> _WHAT IS REQUIRED_
Set down the data below in full and exactly, minus the pictures.

> _GIVEN MATERIAL_
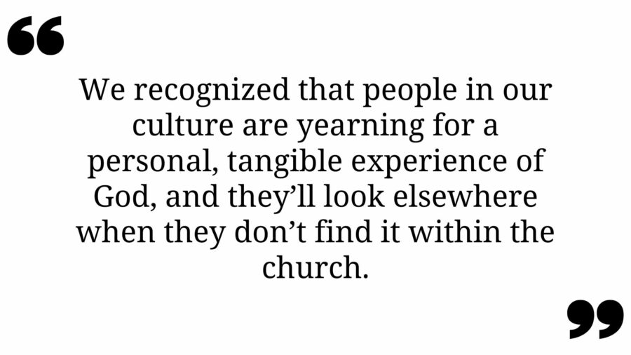 That sounds a bit nebulous since people are always having experiences. What was different? We recognized that people in our culture are yearning for a personal, tangible experience of God, and they’ll look elsewhere when they don’t find it within the church.
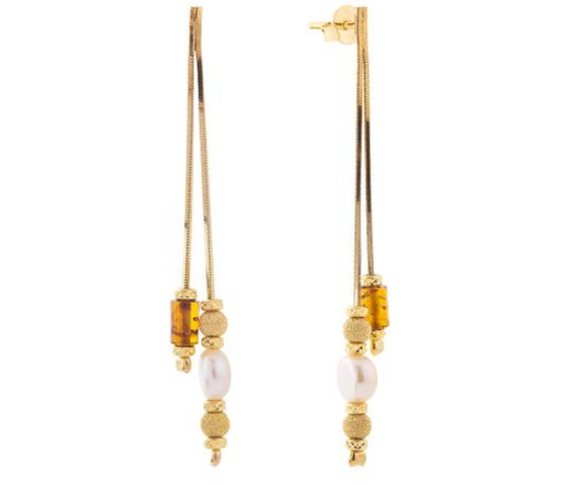 Long hanging gold plated 925 silver earrings with pearls and cognac Baltic amber
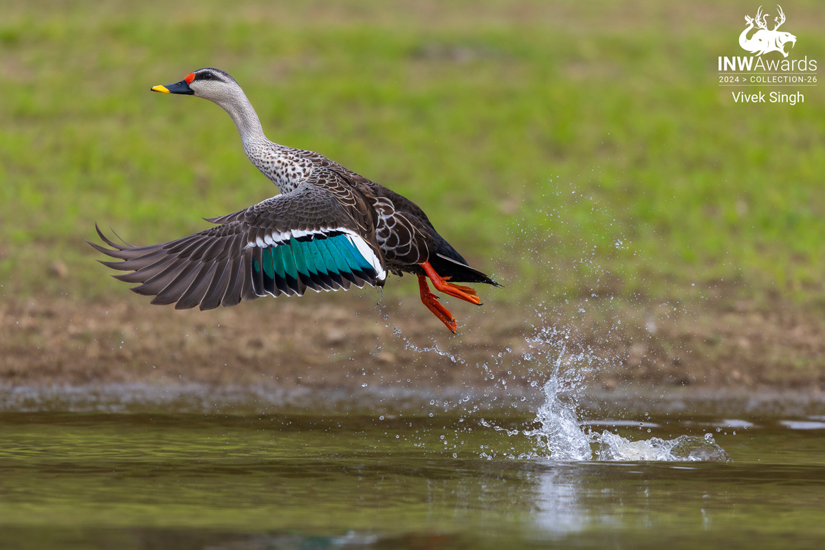 i spotted this Indian spot billed duck and realised that it was about to take off. Wanted to catch the lovely colours it has on the plumage. It was clicked in Kabini.
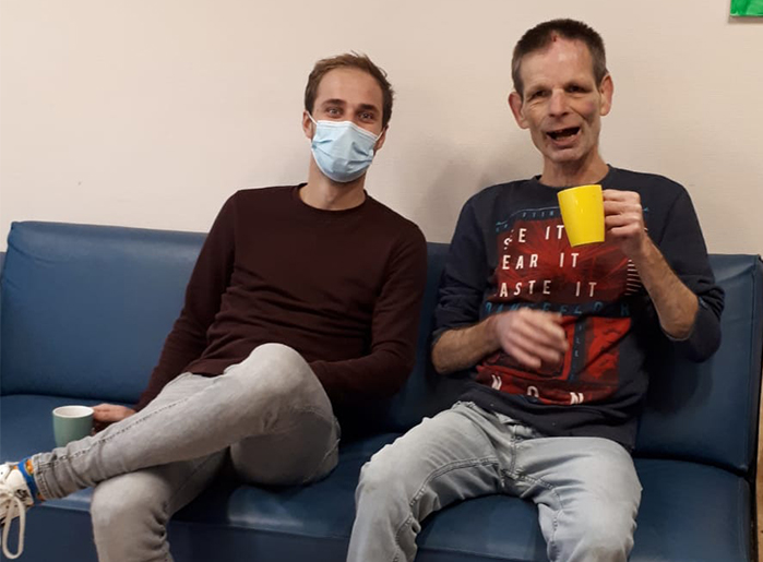 Daarnet heb je met Stefan een heel eind gewandeld, dat had hij echt even nodig! Nu hij zijn spanning wat kwijt is gaat hij aan een tafel zitten om te puzzelen. Daarbij houdt hij jou in de gaten, jij bent zijn vaste baken en geeft hem veiligheid. Ondertussen zoekt Carlos jouw aandacht, “koffie, lekkere koffie!”, daarmee wil hij even checken of het al koffietijd is, zodat hij weet op welk moment van de dag hij zit en of alles nog wel klopt. Jij weet, wanneer je hem die duidelijkheid niet geeft, hij heel dwingend kan worden in het vragen om koffie en hij zichzelf daarin kan verliezen. Dus zeg je: ‘Nog één puzzel maken, en dan is er koffie!’ Je ziet hem ontspannen aan een tafel gaan zitten.

> _SOLUTION BELOW_
 That sounds a bit nebulous since people are always having experiences. What was different? We recognized that people in our culture are yearning for a personal, tangible experience of God, and they’ll look elsewhere when they don’t find it within the church.
 Long hanging gold plated 925 silver earrings with pearls and cognac Baltic amber
 i spotted this Indian spot billed duck and realised that it was about to take off. Wanted to catch the lovely colours it has on the plumage. It was clicked in Kabini.
 Daarnet heb je met Stefan een heel eind gewandeld, dat had hij echt even nodig! Nu hij zijn spanning wat kwijt is gaat hij aan een tafel zitten om te puzzelen. Daarbij houdt hij jou in de gaten, jij bent zijn vaste baken en geeft hem veiligheid. Ondertussen zoekt Carlos jouw aandacht, “koffie, lekkere koffie!”, daarmee wil hij even checken of het al koffietijd is, zodat hij weet op welk moment van de dag hij zit en of alles nog wel klopt. Jij weet, wanneer je hem die duidelijkheid niet geeft, hij heel dwingend kan worden in het vragen om koffie en hij zichzelf daarin kan verliezen. Dus zeg je: ‘Nog één puzzel maken, en dan is er koffie!’ Je ziet hem ontspannen aan een tafel gaan zitten.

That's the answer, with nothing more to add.